Trouble All Over. Occupying expensive apartments and frequenting nightclubs and bars, the rival Simbas began accusing one another of living it up on revolutionary funds. Attempts by Nasser to bring them together only drove them further apart. Rebel Defense Minister Gaston Soumialot announced that he had deposed Gbenye, who retorted angrily that he was undeposable. From his exile quarters in the Sudan, People's Army Commander Nicho'as Olenga renounced them both, claimed that he alone spoke for the revolution--until last month, when the Khartoum government charged that he had been conspiring with the Sudan's own rebel movement and threw him in jail.

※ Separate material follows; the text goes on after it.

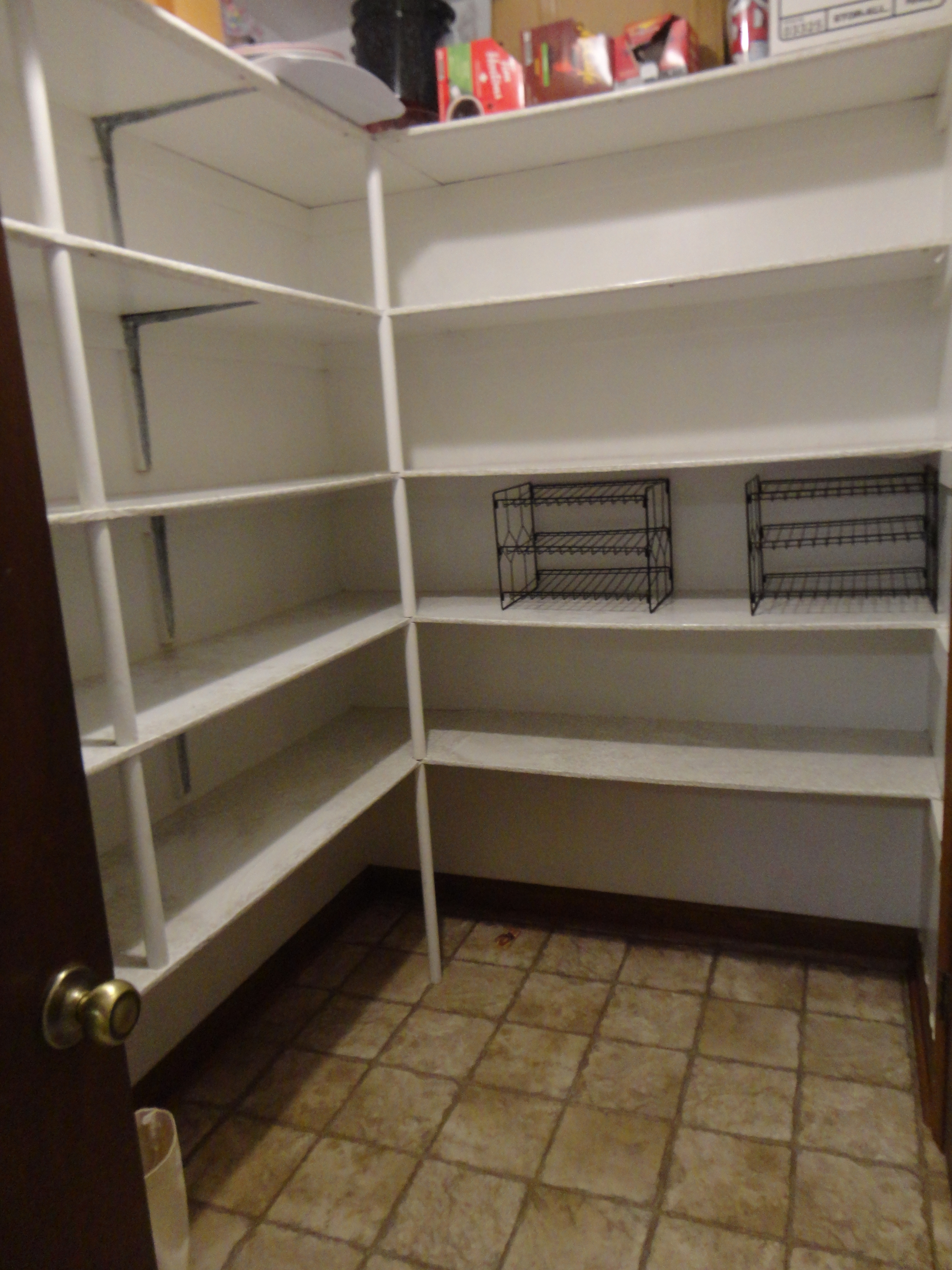As you might guess, this is my wonderful walk-in pantry. It measures 6’ x 9’ and usually holds various foodstuffs, appliances, and serving dishes. My friend Rosemary likes to tell me this is actually her apartment and I’m simply her landlord keeping an eye on things. This room was one of the things I loved about the house when we moved in twenty-six years ago. Then it was violated.

There were other setbacks. The rebels' Chinese Communist allies were kicked out of Burundi on the Congo's eastern frontier. Algeria, which had once trained Simbas in the art of guerrilla warfare and had been one of their principal suppliers of arms, suddenly ordered all local rebels to stop plotting or get out, refused to allow Gbenye to enter the country even for a brief visit.

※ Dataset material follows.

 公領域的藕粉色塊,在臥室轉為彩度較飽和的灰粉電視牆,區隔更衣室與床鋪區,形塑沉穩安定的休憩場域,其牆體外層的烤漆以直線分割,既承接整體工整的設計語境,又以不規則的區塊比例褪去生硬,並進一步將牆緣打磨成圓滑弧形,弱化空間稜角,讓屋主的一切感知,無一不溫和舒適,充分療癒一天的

On the Lake. The final disaster came this month, when three drunken Simbas began brawling in Cairo's residential Zamalek district. Before the battle ended, two of them had been shot dead. The surviving Simba resisted arrest on the grounds that "I am a general." That was too much for even Nasser, whose security police had been urging him for months to get rid of the troublesome Congolese. He ordered remaining Simbas rounded up, then packed them aboard a government airliner and shipped them out of Egypt. When last seen, they were headed for Kigoma, the Tanzanian railhead on Lake Tanganyika.
Their destination was hardly good news for Premier Moise Tshombe, who was busy in Leopoldville preparing for the opening this week of the first Congolese parliament to meet in two years. Although Tshombe had managed to put down the bloody Simba rebellion and hold elections throughout most of the Congo, there was still a large rebel pocket in the mountainous area of the eastern Congo around Fizi, just across the lake from Kigoma.
Mercenary Commander Mike Hoare has been ordered to attack Fizi as soon as he has trained his latest batch of white recruits, but it will be no easy task. Advised by a dozen Castro Cubans (who carry Spanish-Swahili dictionaries), the rebels have turned the Fizi region into a fortress of sorts. They are well equipped. Their every need is supplied by a fleet of rebel-operated "fishing" boats--which make regular runs across Lake Tanganyika between Fizi and Kigoma.